The Real Issue: Diversity in Genetics Research

A recent article in Quartz with the headline “23andMe has a problem when it comes to ancestry reports for people of color” provides an opportunity for us to discuss the real issue largely missed by the author — the need for diversity 23andMe_Logo_blogin genetics research, and biomedical research in general. It’s also an opportunity to address mischaracterizations of our science within the article, and motivations ascribed to our research that are just plain wrong.  We’ve raised these issues with Quartz and feel strongly enough to share our thoughts more publicly to hopefully steer the discussion in an informative and worthwhile direction, since it is a conversation that should be had by the broader scientific community.

Genetics research has a diversity problem. This is widely recognized, but when you see the data it’s staggering. For example, a 2011 article cited data showing that only 4 percent (!) of all genome-wide association studies had been conducted using samples of non-European descent. There are very real repercussions when research is limited to just one group. The seriousness of this situation was demonstrated in a recent study showing that due to biased research, African Americans are more likely than whites to mistakenly be told that they carry a mutation putting them at risk for the heart condition known as hypertrophic cardiomyopathy, when in fact they do not. This type of mistake has serious emotional and medical implications.

The lack of diversity in genetics research is reflective of the general lack of diversity in all aspects of health research. There are lots of reasons — historical, cultural, political. For good overviews we suggest reading this piece from Newsweek and this article from Oh, et al. These authors eloquently and forcefully explain the situation.

What does this have to do with 23andMe?

Though we do conduct our own research and are increasingly able to provide reports based on our own published studies, for the most part 23andMe is dependent on peer-reviewed scientific research published by others to fuel the reports in our product. Lack of diversity in what is studied by the research community at large therefore impacts the results we are able to provide to customers.
Ancestry Comp Home
When it comes to our Ancestry Composition feature (which tells people the proportion of their DNA that comes from each of 31 populations), the results we provide to customers are derived by comparing their DNA to what are known as “reference datasets”. We use publicly available data from academic initiatives that have specifically sought to characterize large swaths of the human genetic diversity of our planet: the Human Genome Diversity Project (HGDP), HapMap3 and the 1000 Genomes Project. We augment this public data with information provided by a small percentage of our customers whose data meet our rigorous standards for being included in a reference dataset.

The author of the Quartz article focused in on the numbers of people in our most granular population references. She specifically questioned how we can claim to provide accurate results about her ancestry (she identifies as Korean, but her 23andMe results indicated Japanese and Chinese ancestry, as well as Korean) when there are data for “only” 76 Koreans in our reference data set. It’s an understandable worry — so much of what we hear about these days in science is the power of “big data”.  Bigger must be better, right? Not necessarily. For Ancestry Composition, high accuracy can often be obtained with relatively modest sample sizes. Size matters more when it comes to granularity, not accuracy.

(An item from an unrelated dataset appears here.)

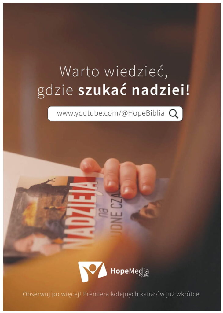 Od początku stycznia swoją działalność rozpoczął kanał YouTube Hope Biblia. Publikowane jest tam studium biblijne oparte na kwartalniku Lekcji Szkoły Sobotniej. Pod koniec lutego planowana jest długo oczekiwana premiera serii dokumentalnej „Wielki Bój”. Serdeczne podziękowania za jej przygotowanie kierujemy do Diecezji Południowej Kościoła Adwentystów w Polsce oraz Fundacji Źródła Życia. Kanał Hope Biblia będzie rozwijany także o kolejne materiały, dlatego zachęcamy do subskrypcji, aby pozostać na bieżąco.

We’ve done a comprehensive evaluation of our algorithm and reference datasets, and are confident in the accuracy of the results we report for customers with Korean or any other ancestry. If you want to get into the nitty gritty you can check out this white paper (in which we describe the multiple steps that go into producing accurate results and the metrics demonstrating how well our algorithm works), this blog post or this scientific poster. The gist is that we only go as granular as we can for a given confidence threshold. Customers can adjust their results from a 90 percent confidence level (“Conservative”) down to 50 percent (“Speculative”). If we say that a section of DNA is most likely Japanese or Chinese or Korean at one of our higher confidence thresholds, we stand behind it.  If we weren’t sure that we could make the distinction, we’d go up a level and say that that DNA reflected “East Asian” ancestry. The information would not be incorrect, simply less specific.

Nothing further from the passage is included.